# Vellus products



## Wyndward Havanese (May 9, 2008)

If any of you use the Vellus products, where do you get it? I used to be able to get it from a local dog show vendor that I saw often at shows when we lived in the midwest, but since I've been on the east coast, I've had a harder time finding it.

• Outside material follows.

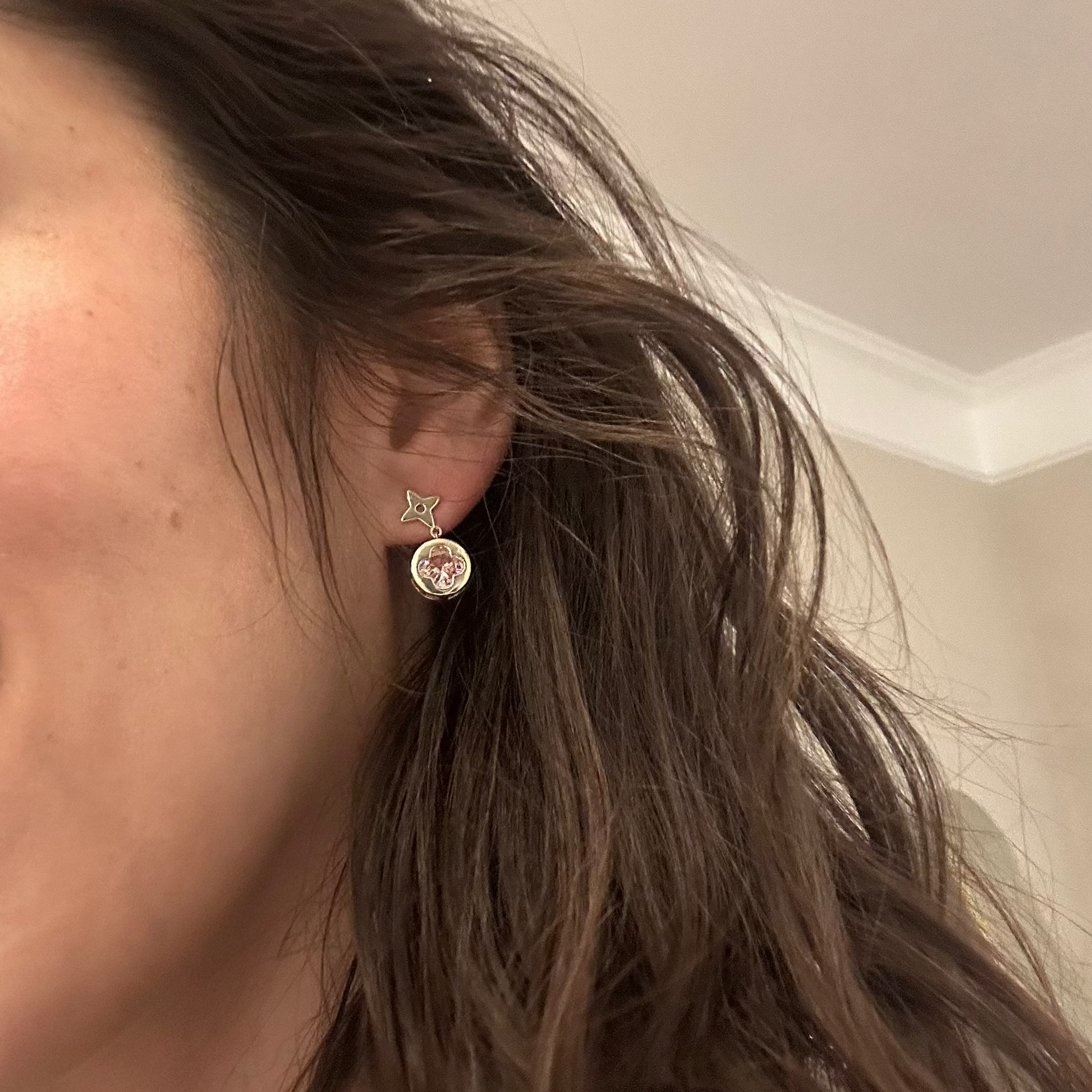 A minimalist’s dream. These petite gold studs feature a fine pendant set with a translucent pink crystal, offering a clean and contemporary silhouette. Designed for effortless layering or as a simple standalone piece, they provide a gentle flush of color that complements any skin tone with a warm, rosy glow.

My little Saucy smells so good with the Plum Silky, but she'll need 'big girl' baths soon when she hits the show ring. 8)

Thanks in advance!!

Farah

www.WyndwardHavanese.com


----------



## Havtahava (Aug 20, 2006)

The only place I've seen Vellus is at dog shows too. I'll keep my eye open for it online. Have you tried going to Google and searching? Amazon.com may pull up some various vendors for you too.


----------



## mintchip (Apr 19, 2007)

try this
http://www.vellus.com/distributors_US.htm


----------



## Wyndward Havanese (May 9, 2008)

I'll try Amazon, and I've seen the Vellus site before. If you order directly from them their shipping is high. I was spoiled by getting it at shows and not paying shipping. The Cherrybrook store is only 15 minutes from here, and they don't carry it. 8( I should go in and tell them they should carry it!

Thanks for the suggestions!!

Farah


----------



## EstrellaVila (Nov 30, 2007)

I have only gotten it online, the shipping is expensive, but as long as you dont tell DH....


----------



## Wyndward Havanese (May 9, 2008)

I was able to find a distributor in PA (a show pap breeder) and even ordering $100+ worth of stuff, the shipping was only $9.00. Thats pretty good!

Saucy won't be as excited as I will be when the box comes. 8)

Thanks again!

Farah


----------



## Missy (Nov 6, 2006)

so which one is the plum silky? wow so much less than the IOD!!! you guys like this line?


----------



## Havtahava (Aug 20, 2006)

Oh cool! Sounds like you found a good deal on it, Farah.


----------